Great machine and no Apple Silicon as yet (which may be a huge advantage if
you still need to run Boot Camp or x86 VMs.)

I'm also excited about the nano-texture display. I've learned to live with
reflective displays because I'm addicted to their high contrast and deep
blacks, but nano-texture sounds like the best of both worlds.

Nice that they upgraded the anemic FaceTime camera and pulled the plug on the
low-speed hard disk (even if it was configured as a fusion drive.)

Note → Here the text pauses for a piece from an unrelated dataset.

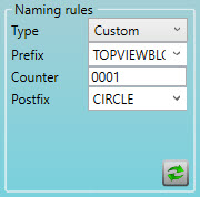 Counter box: Type an integer value for the feature counter. The maximum value is four digits. The Counter box is available for all three Type options, and it is the only option when you select None from the Type list. PC-DMIS increments the Counter value by one each time you create a feature. The following options appear when you select the VW type:

Apple has generally had decent mics and speakers as well, so it's exciting
that they are trying to make them even better. Anyone who has suffered through
horrible zoom audio will appreciate the benefits of good mics (and not using
zoom, which seems to make bad audio even worse.)

------
ianwalter
I'm sorry, I know it's a minor cosmetic thing, but those bezels make it look
so dated that I can't really see it as new. Not that it matters since I will
probably never buy an iMac again after experiencing the issues with dust
getting beneath the glass of my last iMac 5k.

------
fmajid
Presumably you cannot install Mojave on these, only Catalina. I sacrificed a
Mac to Catalina, then wiped it back to Mojave. Hopefully Big Sur will fix the
flaming dumpster fire that is Catalina, but I am not hopeful and working on my
Linux migration plan.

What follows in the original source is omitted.